By Victor Skinner
EAGnews.org
    
NASHVILLE – Gov. Bill Haslam’s private school voucher plan has him in a tight spot.
    
The governor proposed legislation to launch a limited private school voucher program in the Volunteer State for low income students in the worst performing schools. As currently written, vouchers would be limited to low income students in “priority schools,” which includes 83 poor performing schools in Shelby, Davidson, Hamilton, Knox and Hardeman counties.
    
The bill also limits the number of vouchers to 5,000 in the first year, expanding slowly to 20,000 by 2016, Knoxnews.com reports.
    
State Senate Republicans believe the plan is too restrictive, while their conservative colleagues in the state House aren’t totally sold on the idea of vouchers in general. Democrats are virtually unanimous in their opposition to the plan, though some may support Haslam’s plan because it’s so limited.
    
“Lt. Gov.
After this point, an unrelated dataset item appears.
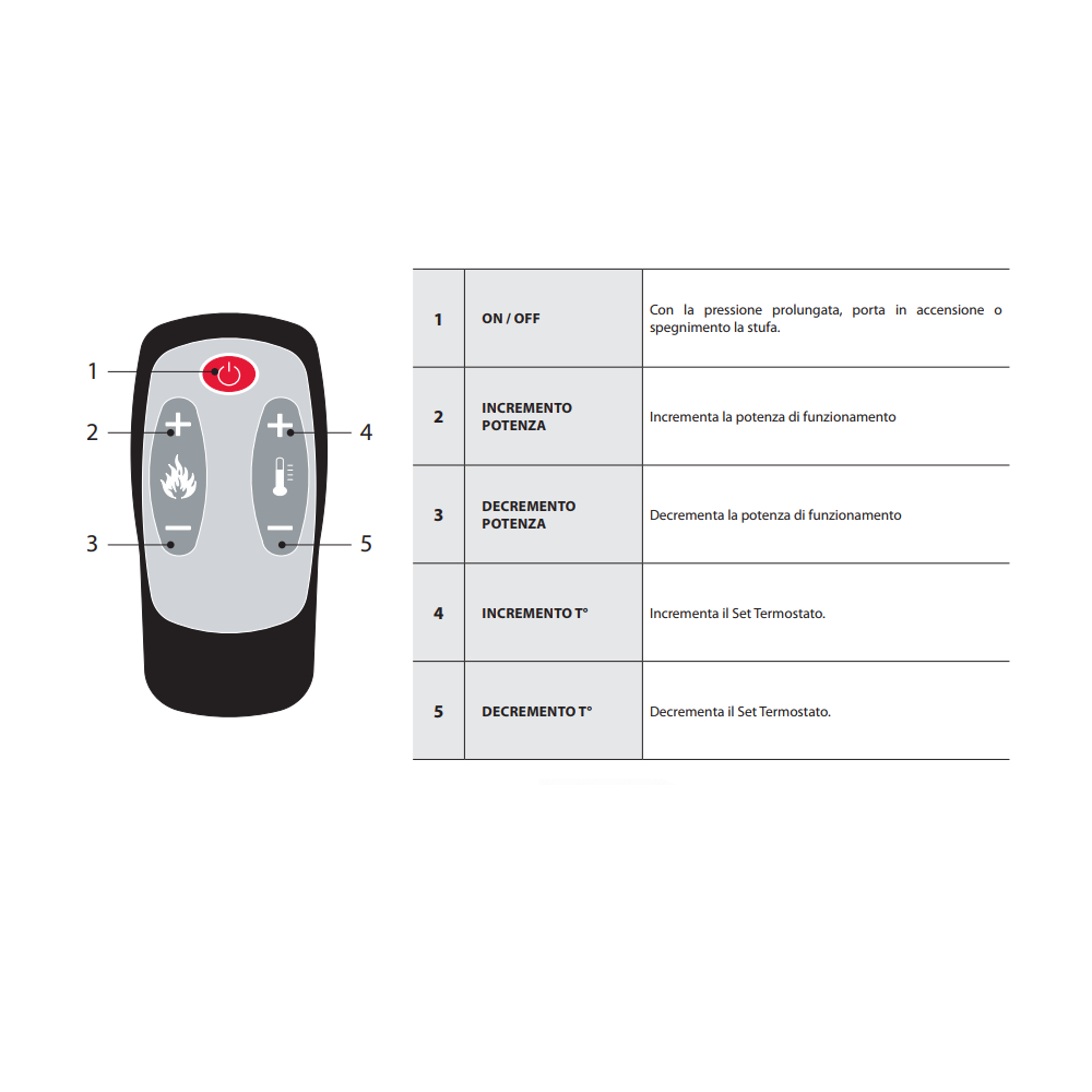 Il telecomando per stufe a pellet Extraflame ha ben 5 funzioni: accensione, spegnimento, regolazione temperatura ambiente e potenza.

Ron Ramsey said he sees Senate Republicans as more strongly supportive of vouchers than their GOP colleagues in the state House.  The Senate, he said, is likely to delete the restriction on vouchers to those in only the lowest-performing schools, and may increase the eligible family income levels and raise limits on the overall number available – or perhaps delete them entirely,” the newspaper reports.
    
“Ramsey said he believes the bill was put into its limited format to make it more palatable in the House, where even some Republicans have voiced misgivings about vouchers.”
    
The Republican senators seem to understand that the more students who are eligible for vouchers, the greater the potential to changes lives and generally improve education in Tennessee.
    
The more vouchers available, the more power parents have to influence the state’s public education system. It’s that influence that will force all schools to compete and improve to attract and retain students.
    
But we have little doubt that once any voucher program is established Tennessee residents will immediately see the value of school choice, and the results will convince more lawmakers that expanding the program may be the best course.